A recently identified soldier from World War II will be arriving at Philadelphia International Airport on Saturday, May 11th at approximately 2:00 pm. You are welcome to be part of the motorcycle escort that will honor and escort him home to the Pottstown area. If you want to be part of this event, meet other riders at a firehouse located at 8201 Tinicum Avenue, Philadelphia Pa., at 1:30 pm.

Pottstown airman MIA since World War II accounted for
Carl M. Shaffer was on a bomber that crashed Jan. 21, 1944. His remains have been identified.

WRITTEN BY MIKE URBAN
POTTSTOWN, PA —
A Pottstown airman killed during World War II and declared missing in action for almost 75 years has now been accounted for, the Department of Defense announced.

Army Air Forces Staff Sgt. Carl M. Shaffer, 22, was aboard a B-24J bomber nicknamed Gallopin’ Gus that crashed in the Tarawa Atoll in the Pacific on Jan. 21, 1944.

On Dec. 20, a set of remains found in 2017 on Betio Island was confirmed as his by the Defense POW/MIA Accounting Agency, and is awaiting transport to his family.

Shaffer, a graduate of Pottstown High School, lived on North Charlotte Street in Pottstown before he entered the Army, according to Cheryl Detweiler of Royersford, his niece and closest living relative.

Detweiler’s mom, Ruth Detwiler — who spelled her name differently than her daughter — was Shaffer’s sister, and died in 1998. Detweiler said her family had long hoped his remains would be found, and though she wishes it had happened while his parents and three siblings were alive, she’s thankful for those who continued to work to identify him, an accomplishment her family considers miraculous.

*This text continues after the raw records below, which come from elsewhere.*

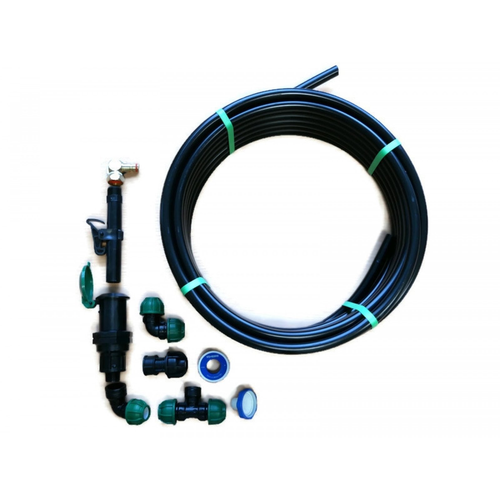 Rinkinys „Vandens Taškas“ – tai labai patogus būdas įsirengti laistymo tašką savo kieme. Ši konstrukcija leidžia greitai ir be papildomų pastangų prijungti laistymo žarną prie vandens šaltinio Jūsų sode, darže, šiltnamyje ar tiesiog viduryje Jūsų sklypo. Tai patogus ir ekonomiškas sprendimas siekiantiems taupyti laiką, jėgas ir vandenį. Rinkinį sudaro aukštos kokybės, patvarios detalės: laistymo taškas – hidrantas, greitas pajungimas laistymo žarnai ir jungiamosios detalės. Ši sistema nereikalauja papildomo aptarnavimo prieš žiemą, tuo pasirūpins drenažinis vožtuvas. Rinkinį paprasta įdiegti, naudoti ir prižiūrėti žmogui neturinčiam jokių specialių įgūdžių laistymo sistemų srityje. Vamzdį reikia užkasti 20-30 cm gylyje.
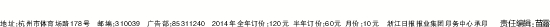 地址:杭州市体育场路178号 邮编:310039 广告部:85311240 2014年全年订价:120元 半年订价:60元 月价:10元 浙江日报报业集团印务中心承印
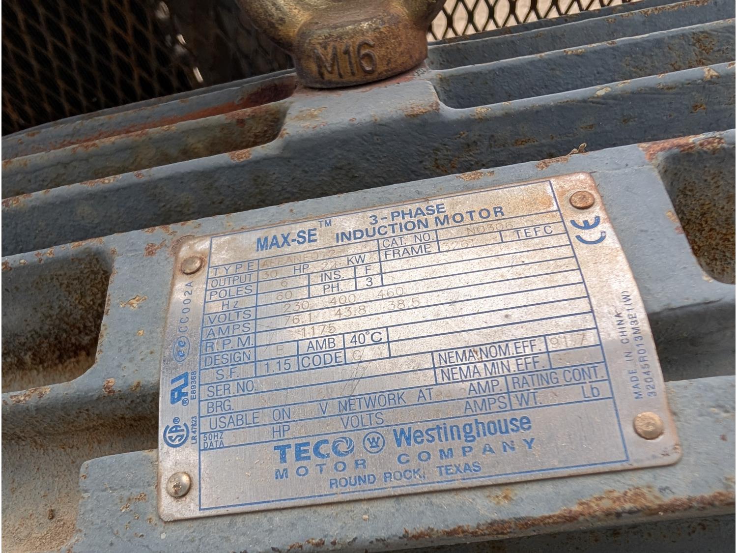 1525 Westinghouse MAX-SE 30 HP Electric Motor w/ Heat Exchanger
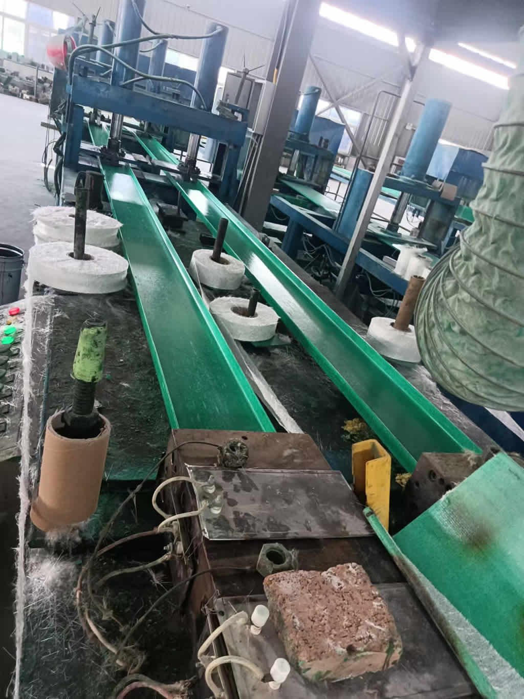 首先,生產(chǎn)過程中使用的主要原材料是玻璃纖維和樹脂。玻璃纖維作為增強材料,提供了高強度和良好的抗沖擊性能,而樹脂(通常為不飽和聚酯樹脂或環(huán)氧樹脂)則作為基體材料,賦予橋架良好的耐腐蝕性和成型性。生產(chǎn)過程中,首先需要將玻璃纖維按照要求進(jìn)行裁剪和處理,然后與樹脂進(jìn)行混合,確保材料的均勻性和良好的粘合性。
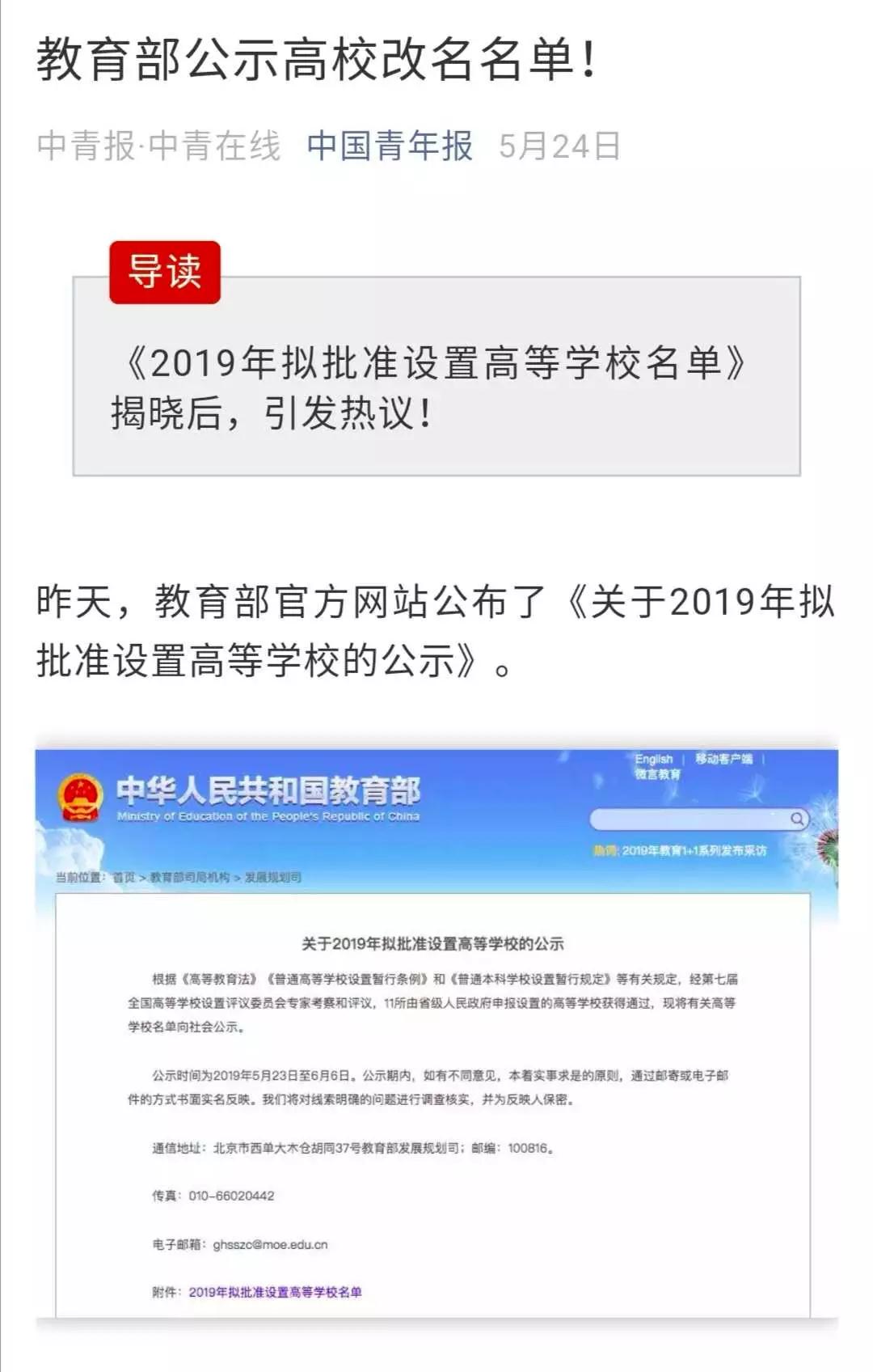名单中包含,“独立学院转设为独立设置本科学校”4所,“新设本科学校”3所,“更名大学”4所↓↓↓
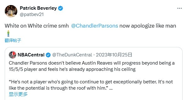 今天,貝弗利則打臉帕森斯,轉(zhuǎn)發(fā)了后者曾說(shuō)“里夫斯15+5+5就已經(jīng)到極限了”的言論,并寫(xiě)道:“白人看不起白人,無(wú)語(yǔ)了,像個(gè)男人一樣出來(lái)道歉!”
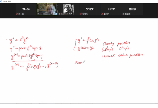 2021年7月21日,暑期国际课堂《非线性常微分方程的定性理论》在ZOOM上开课,该课程共18学时。该课程由罗蒙诺索夫莫斯科国立大学Irina Astashova教授授课,来自beats365官网入口、物理科学与技术公司以及其他多个公司的本科生、研究生及旁听师生进行了学习和讨论。
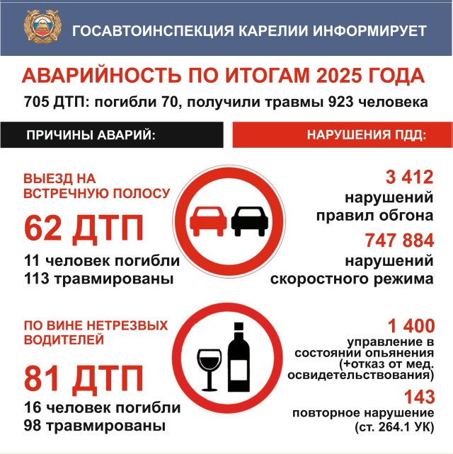 Госавтоинспекция Карелии подвела предварительные итоги аварийности 2025 года.
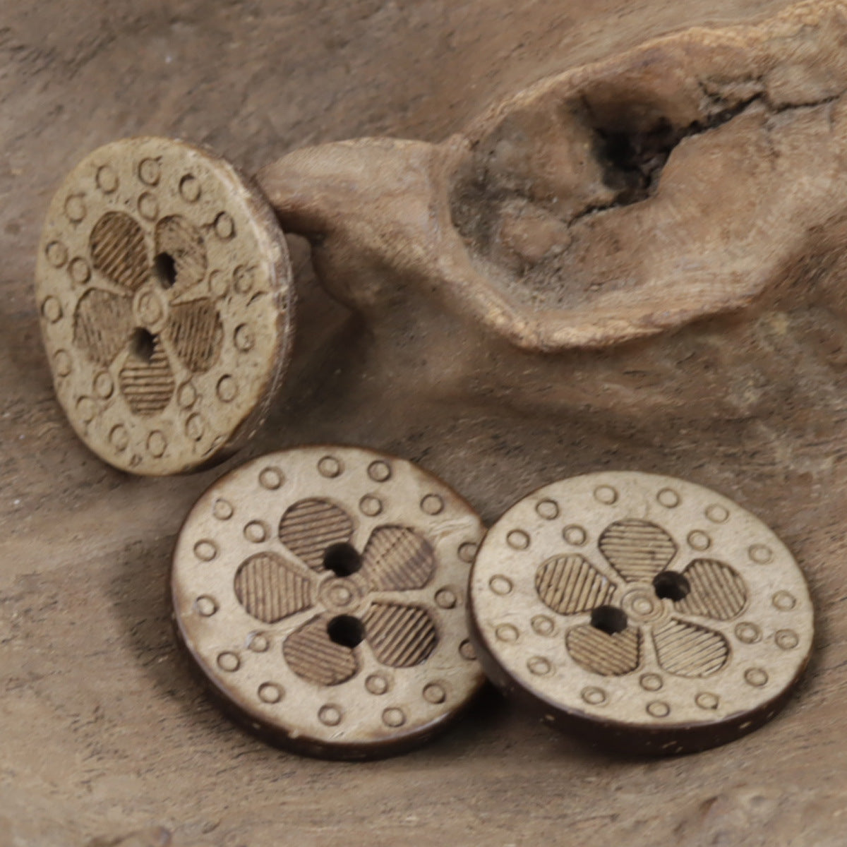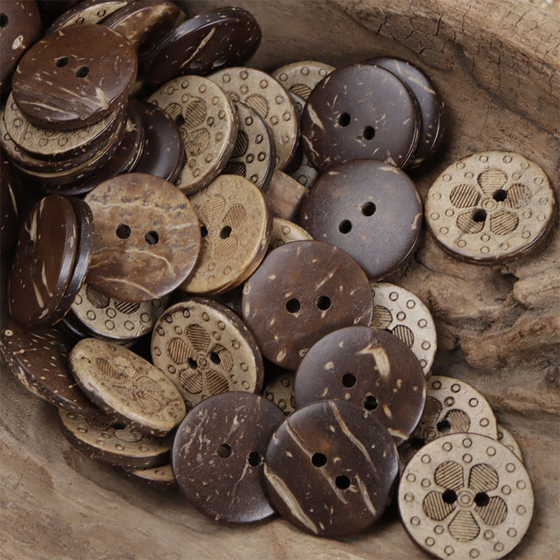 Vnesťe do svých návrhů organický a elegantní prvek s našimi vintage knoflíky z přírodní kokosové skořápky v černé kávové barvě se 4 dírkami. Tyto knoflíky jsou vyrobeny z pravých kokosových skořápek, což nabízí udržitelnou a ekologickou možnost pro vaše módní potřeby. Vintage černá kávová barva jim dodává sofistikovaný a nenápadný vzhled, který doplňuje různé styly, zejména vhodné pro bílé košile, svetry a pleteniny.
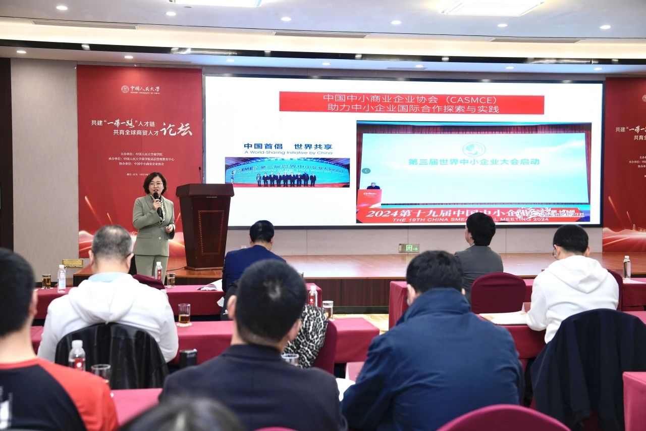 許湘作《發(fā)揮中小企業(yè)獨特優(yōu)勢,共享“一帶一路”機遇》主題演講。她強調(diào)了中小企業(yè)在“一帶一路”建設(shè)中的重要作用,并分享了協(xié)會在助力中小企業(yè)國際合作方面的實踐。她表示,中小企業(yè)應(yīng)進一步發(fā)揮其獨特優(yōu)勢,通過與國際協(xié)同創(chuàng)新合作,在開放發(fā)展中實現(xiàn)互利共贏。同時,中小企業(yè)要發(fā)揮改善共建國家民生、帶動當?shù)鼐蜆I(yè)與發(fā)展方面的潛力,利用當?shù)厝谌雰?yōu)勢提供優(yōu)質(zhì)服務(wù)。中小企業(yè)要加強在綠色、數(shù)字等多領(lǐng)域的創(chuàng)新推動,以及加強在合規(guī)經(jīng)營和風險應(yīng)對方面的能力。希望更多機構(gòu)參與到中國人民大學“一帶一路”國際商學院的建設(shè)中,共同為中小企業(yè)共享“一帶一路”機遇貢獻力量。

“It’s touching,” said Detweiler, 73. “I’m amazed.”

Shaffer, a radio operator and gunner on the plane, was one of 10 servicemen killed the crash, which occurred shortly after the plane took off on a bombing mission a little after midnight. Another plane had crashed into the lagoon 17 minutes prior, also killing all 10 aboard, according to the DOD.

An investigation found that water was in the fuel of both planes and caused those crashes, said Michael Mee, chief of identification for the Army Past Conflict Repatriation Branch.

Mee met with Detweiler and her family in January to explain the details of how Shaffer was found and identified:

The crash occurred in a shallow lagoon near shore, which allowed Shaffer’s remains to be recovered. He was buried in a coffin in what was called Cemetery 33 on Betio Island, one of several cemeteries established there after the U.S. seized the island from the Japanese in November 1943.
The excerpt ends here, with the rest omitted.